Van de vele redenen om naar de kerk te gaan die Van Ruler in zijn boek opsomt, kom ik er verschillende ook ‘in het wild’ tegen. Ik hoor mensen inderdaad zeggen dat ze graag naar de kerk gaan om God te loven en om elkaar ontmoeten. Rust vinden hoor ik ook vaak. Maar dat ik naar de kerk ga ‘om het heil te ontvangen’ hoor ik beduidend minder, geloof ik. Ik vermoed dat er minstens twee redenen zijn waarom dit antwoord minder klinkt.
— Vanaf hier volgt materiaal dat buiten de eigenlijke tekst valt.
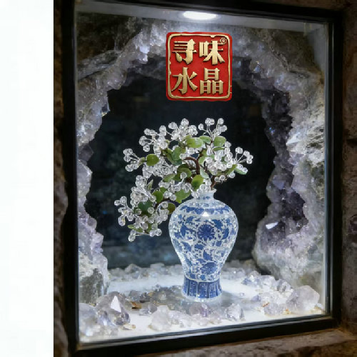 白晶发财树(青花瓷高瓶) 规格高46*宽46cm 重量 // 编码 94000345
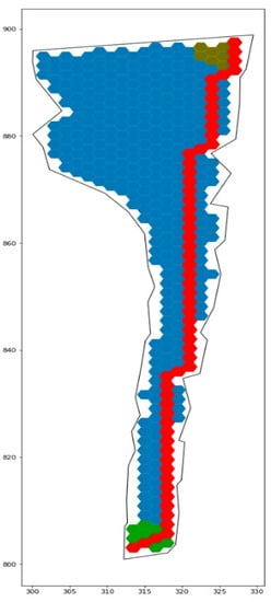Table 3 also shows the characteristics of the algorithm when determining the trajectory of a mobile agent between some boundary points of the route while using models with different geometric parameters. From the results of the calculations, it can be seen that the computation time (correlated with the complexity of the computed trajectory) and the accuracy of the road surface approximation are critical parameters that determine the structure of the model. It can be seen that when choosing an atomic element that is too small, the calculations can take several hours. On the other hand, a tessellation paving accuracy of less than 80% significantly reduces the space for the efficient movement of an autonomous vehicle and its safe maneuver.
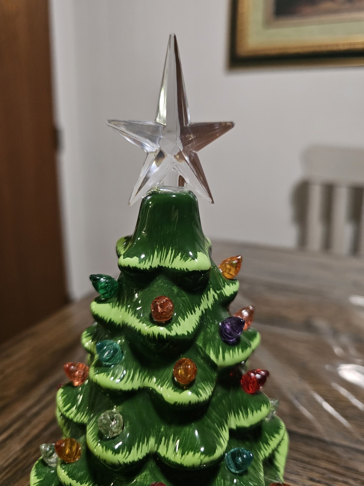 The Ceramic Tabletop Christmas Tree is a festive and charming addition to your holiday décor. Standing at 7.5 inches tall, this multicolored tree lights up to add a warm and cozy touch to your home during Christmas. Made of ceramic, this Christmas decoration is durable and easy to display on a tabletop or shelf. Perfect for adding a traditional touch to your holiday season. Battery operated. Batteries not included. No missing lights and no damage!
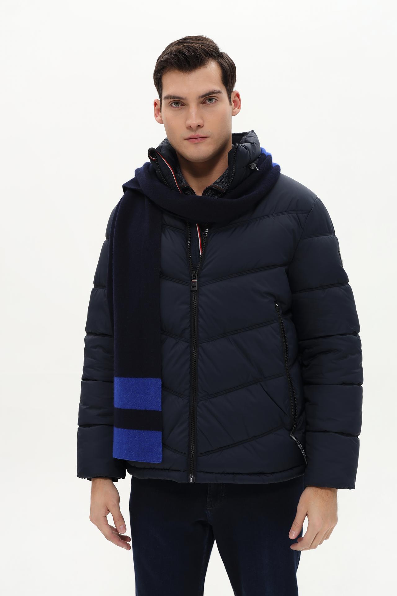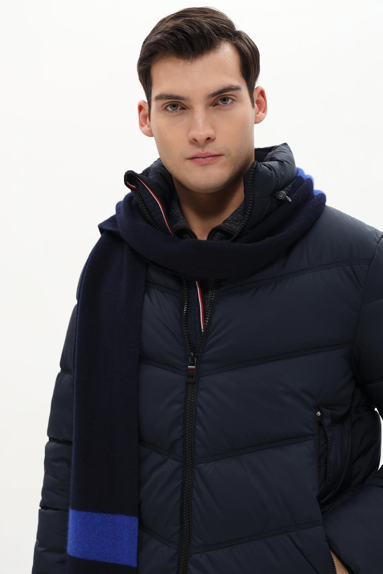 - Классический дизайн: Темно-синий цвет с синими полосами делает этот шарф универсальным аксессуаром.
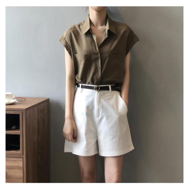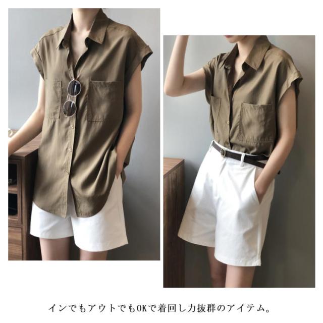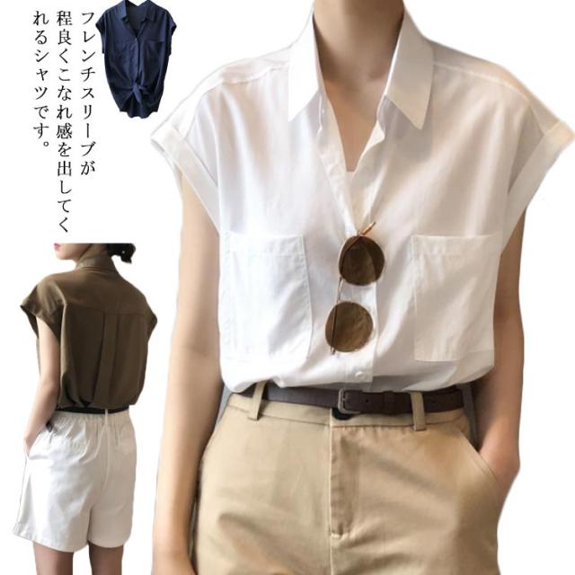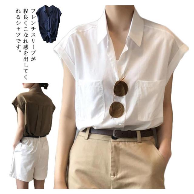 シャツ 半袖 フレンチスリーブ シャツ レディース トップス 半袖 前開き ブラウス 送料無料 オフィス 体型カバー 胸ポケット ゆったり きれいめ 軽い 薄手 大きいサイズ 無地 シンプルカジュアル おしゃれ 通気 春夏秋
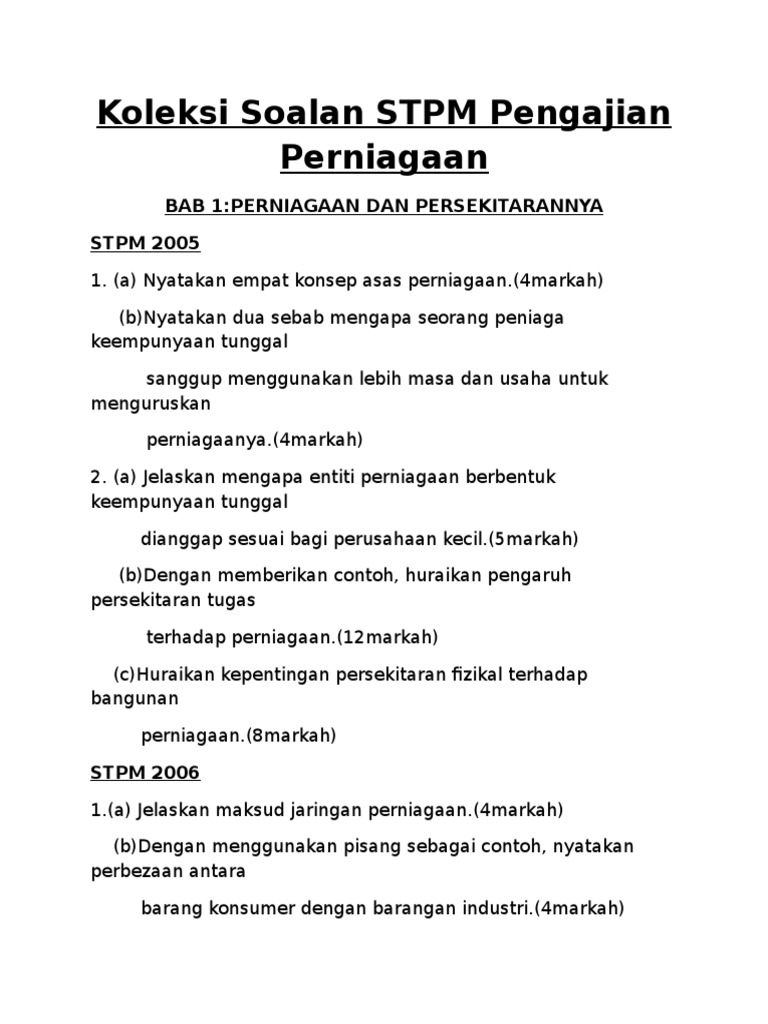 Koleksi Soalan Stpm Pengajian Perniagaan
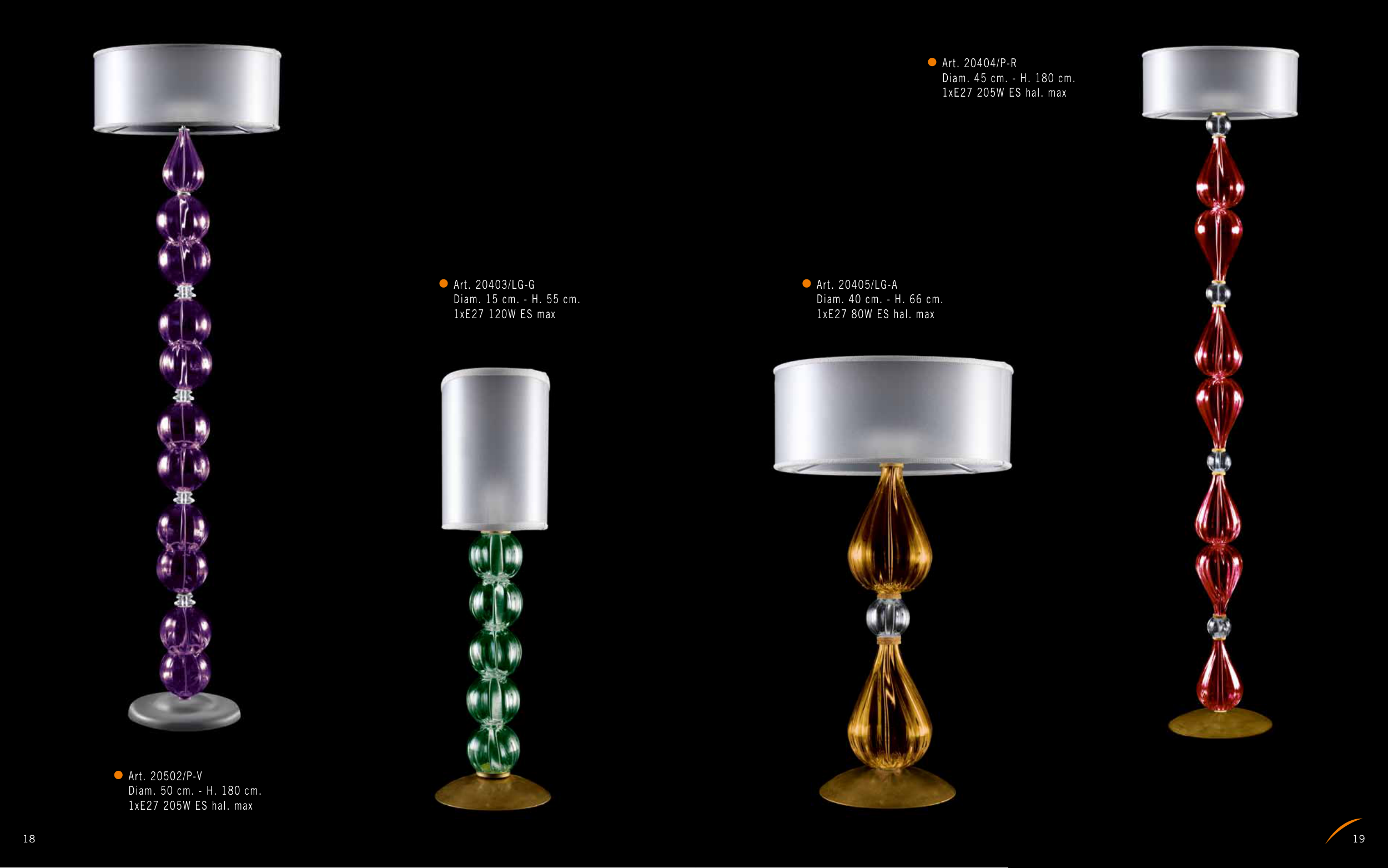 Art. 20502/P-V Diam. 50 cm. - H. 180 cm. 1xE27 205W ES hal. max Art. 20404/P-R Diam. 45 cm. - H. 180 cm. 1xE27 205W ES hal. max Art. 20403/LG-G Diam. 15 cm. - H. 55 cm. 1xE27 120W ES max Art. 20405/LG-A Diam. 40 cm. - H. 66 cm. 1xE27 80W ES hal. max 18 19

Het zal voor een deel te maken hebben met het feit dat protestanten sinds de Reformatie grote aarzeling hebben bij bemiddeling van het heil. In de confrontatie met Rome verwierp men de gedachte dat de priester en dat de kerk nodig is voor het heil en daardoor is de leer van de kerk (ecclesiologie) eigenlijk altijd een zwakke plek gebleven binnen de protestantse theologie. De zondaar is rechtstreeks voor Christus geplaats en kan in eigen gebeden tot Hem spreken. Maar met het badwater zijn minstens ook ledematen van het kind weggegooid: de kerk krijgt nog maar moeilijk een wezenlijke plek in de theologie en in het geloofsleven. Een deel van die geschiedenis van scheuren en dreigende scheuren moet daarmee te maken hebben. De vanzelfsprekendheid waarmee we in een nieuwe woonplaats gaan zoeken naar een gemeente ‘die bij ons past’ evenzeer. De kerk gaat voor velen niet meer aan mij en mijn geloof vooraf.

Maar er is nog iets meer aan de hand, vermoed ik. Het woord ‘ontvangen’ leidt binnen in een wereld van gedachten die ons vreemd is. Ontvangen kan namelijk alleen met geopende en lege handen. Ontvangen is: iets ondergaan, aan mij laten handelen en dus zelf niet langer de handelende zijn. En dat is ons in toenemende mate vreemd. In toenemende mate, schrijf ik bewust, want het is altijd en overal in de geschiedenis van de kerk vreemd geweest. En als het besef er is, zijn er altijd ook mensen bezig het weg te masseren: Pelagius, Erasmus. Eigenlijk hoor ik Van Ruler dat op een bepaalde manier ook doen als hij in het betreffende hoofdstuk (68-75) opmerkt (68) dat we ‘echt niet alleen’ naar de kerk gaan om het heil te ontvangen om dan verder te gaan: ‘Dat is zelfs niet de eerste en voornaamste reden. We gaan er ook heen voor de lofprijzing, de voorbede en de schuldbelijdenis.’ Het wordt me eerlijk gezegd te snel gezegd en met zo’n typische Van Ruleriaanse luchtigheid die me ergert en die het me zo vaak moeilijk maakt hem te lezen. Bij al die handelingen die hij noemt, zijn wij alweer handelende subjecten. Het lijkt me heilzaam en buitengewoon nodig dat we ons iets langer – nee: blijvend! – ophouden bij de vreemdheid, de ergernis, de storing van het feit dat wij niet naar de kerk komen om van alles te doen, maar om nu juist af te zien van ons handelen.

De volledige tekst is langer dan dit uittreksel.